Ed Skoronski
- Skoronski with the Purdue Boilermakers

No. 26, 12, 18
- Position: End / center / linebacker

Personal information
- Born: October 15, 1910 Chicago, Illinois, U.S.
- Died: December 22, 1996 (aged 86)
- Listed height: 6 ft 2 in (1.88 m)
- Listed weight: 213 lb (97 kg)

Career information
- High school: Bowen (Chicago)
- College: Purdue

Career history
- Pittsburgh Pirates (1935–1936); Cleveland Rams (1937); Brooklyn Dodgers (1937);
- Stats at Pro Football Reference

= Ed Skoronski =

American football player (1910–1996)

Edmund John Skoronski (October 15, 1910 – December 22, 1996) was an American professional football player who played three seasons in the National Football League (NFL) with the Pittsburgh Pirates, Cleveland Rams and Brooklyn Dodgers. He played college football at Georgetown University and Purdue University.

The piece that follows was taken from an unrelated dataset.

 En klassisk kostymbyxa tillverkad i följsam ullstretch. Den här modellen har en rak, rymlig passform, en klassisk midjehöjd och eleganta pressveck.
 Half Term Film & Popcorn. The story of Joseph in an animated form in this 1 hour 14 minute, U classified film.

==Early life and college==
Edmund John Skoronski was born on October 15, 1910, in Chicago, Illinois. He attended Bowen High School in Chicago.

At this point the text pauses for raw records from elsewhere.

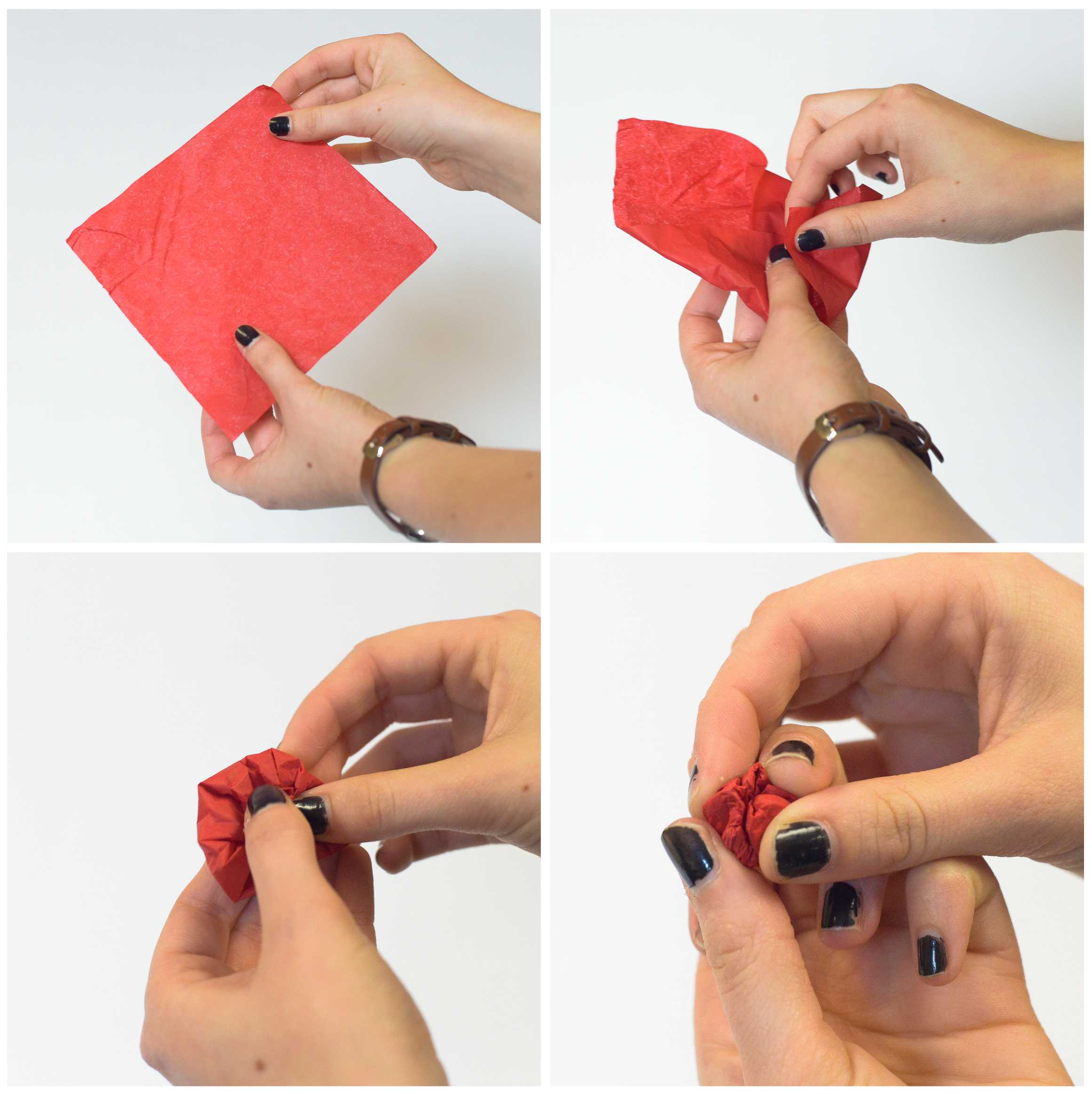 Step Two: Begin folding in the corners of the tissue paper so that they meet in the middle.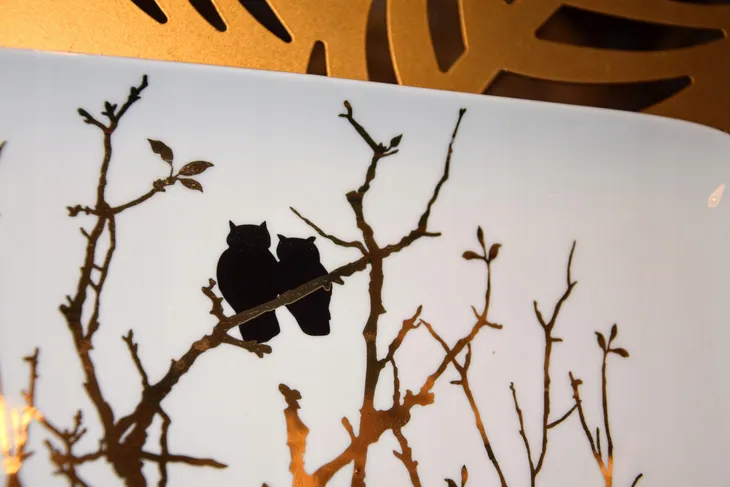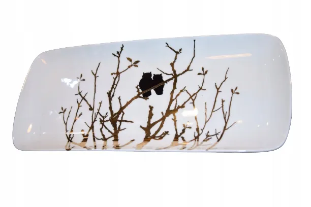 Patera ceramiczna biała prostokątna z motywem dwóch złotych sów - symbolu wiedzy i mądrości.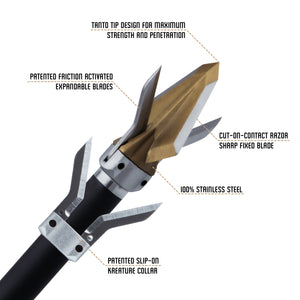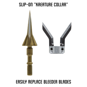 Kreature Collar Technology - Patent-pending Kreature Collar technology uses a simple friction snap blade locking mechanism without the need for extra unreliable parts such as plastic or rubber o-rings. In addition, the Kreature Collar technology allows you to quickly and easily replace your expandable blades in order to extend the lifetime of your broadheads.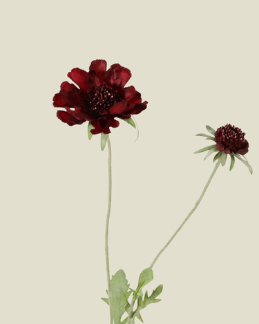 Realistische kunstbloem in dieprode Scabiosa tint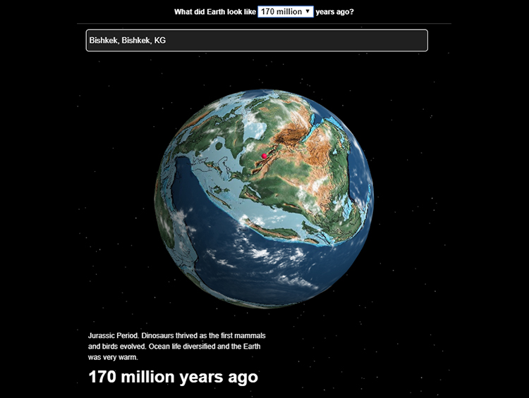 С помощью новой интерактивной карты вы можете узнать, где находился ваш город 20, 200 и даже 750 миллионов лет назад. Онлайн-карта, разработанная палеонтологом Яном Вебстером, имеет разные инструменты, которые также позволяют узнать больше о нашей планете. Так, на сайте можно узнать, где был ваш дом во время появления первых рептилий или цветов.

Skoronski was a member of the Georgetown Hoyas of Georgetown University from 1930 to 1931 and a letterman in 1931. According to the Ledger-Star, he did not graduate from Bowen High School until after leaving Georgetown.

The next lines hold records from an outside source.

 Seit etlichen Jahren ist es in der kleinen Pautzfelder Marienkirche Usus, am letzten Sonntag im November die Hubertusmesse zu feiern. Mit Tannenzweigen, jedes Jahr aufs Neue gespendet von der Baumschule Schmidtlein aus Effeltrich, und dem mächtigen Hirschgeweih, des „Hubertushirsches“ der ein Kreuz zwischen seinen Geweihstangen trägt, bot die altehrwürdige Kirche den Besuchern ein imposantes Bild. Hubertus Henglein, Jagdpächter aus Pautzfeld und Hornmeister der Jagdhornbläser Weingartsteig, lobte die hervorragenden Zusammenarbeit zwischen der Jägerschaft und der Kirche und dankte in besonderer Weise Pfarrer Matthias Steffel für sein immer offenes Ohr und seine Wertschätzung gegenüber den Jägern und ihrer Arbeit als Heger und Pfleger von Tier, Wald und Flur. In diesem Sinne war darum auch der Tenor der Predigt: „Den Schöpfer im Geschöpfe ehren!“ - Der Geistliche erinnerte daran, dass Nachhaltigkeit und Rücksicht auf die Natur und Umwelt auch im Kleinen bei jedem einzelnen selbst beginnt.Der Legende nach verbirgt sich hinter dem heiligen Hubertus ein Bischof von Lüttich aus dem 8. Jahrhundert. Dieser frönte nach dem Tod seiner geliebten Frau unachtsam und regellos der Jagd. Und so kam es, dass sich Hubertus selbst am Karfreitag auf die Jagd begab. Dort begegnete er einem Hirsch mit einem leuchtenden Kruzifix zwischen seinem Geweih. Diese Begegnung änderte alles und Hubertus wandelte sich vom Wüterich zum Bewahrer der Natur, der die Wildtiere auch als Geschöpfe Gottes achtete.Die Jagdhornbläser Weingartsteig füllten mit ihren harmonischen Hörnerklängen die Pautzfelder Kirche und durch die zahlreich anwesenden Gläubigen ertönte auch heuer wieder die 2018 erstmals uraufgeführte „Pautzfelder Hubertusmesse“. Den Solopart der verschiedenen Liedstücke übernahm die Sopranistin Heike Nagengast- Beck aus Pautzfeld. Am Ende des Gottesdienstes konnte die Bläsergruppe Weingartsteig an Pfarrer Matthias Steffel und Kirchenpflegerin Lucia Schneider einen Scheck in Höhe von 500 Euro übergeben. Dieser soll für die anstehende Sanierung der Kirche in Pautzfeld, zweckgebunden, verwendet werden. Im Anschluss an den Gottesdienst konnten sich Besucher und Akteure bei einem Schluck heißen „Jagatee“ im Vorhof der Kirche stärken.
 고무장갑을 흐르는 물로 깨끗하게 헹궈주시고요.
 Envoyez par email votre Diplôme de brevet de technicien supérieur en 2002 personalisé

Skoronski then enrolled at Purdue University in fall 1932 and was a member of the Purdue Boilermakers from 1933 to 1935. He earned all-state honors in 1933 and was a team captain in 1935. On October 22, 1935, he was declared ineligible for the rest of the season due to his having played for Georgetown in 1931. He was a center while at Purdue. Skoronski also participated in baseball and track at Purdue.

==Professional football career==
After losing his college football eligibility, Skoronski signed with the Pittsburgh Pirates of the National Football League (NFL) on November 20, 1935. He made his professional football debut on November 24, 1935, starting in place of the injured Lee Mulleneaux at center against the Green Bay Packers. Overall, Skoronski played in three games for the Pirates that year and was listed as a center/linebacker.

Skoronski then played in all 12 games, starting six, for the Pirates as an end in 1936 and caught eight passes for 95 yards and one touchdown. The Pirates finished the season with a 6–6 record. He was released in 1937.

Skoronski was signed by the Cleveland Rams in 1937. He appeared in three games for the Rams during the team's inaugural 1937 season. He was listed as a center/linebacker while with the Rams.

On November 11, 1937, Skoronski was traded to the Brooklyn Dodgers. He played in five games, starting four, for the Dodgers during the 1937 season and was listed as a guard. He was released in 1938.

==Professional baseball career==
Skoronski played baseball for the Lafayette Red Sox of the Indiana-Ohio league in 1936. The 1936 Red Sox had an 8–3 record in games that Skoronski played in and a 6–7 record without him. He attended spring training with the Chicago White Sox in 1937. He then had a short stint with the Dallas Steers of the Texas League. In May 1937, he returned to the Lafayette Red Sox and played for them during the 1937 season.

==Personal life==
Skoronski was of Polish descent. In 1939, he married Marion Byrne. Skoronski died on December 22, 1996.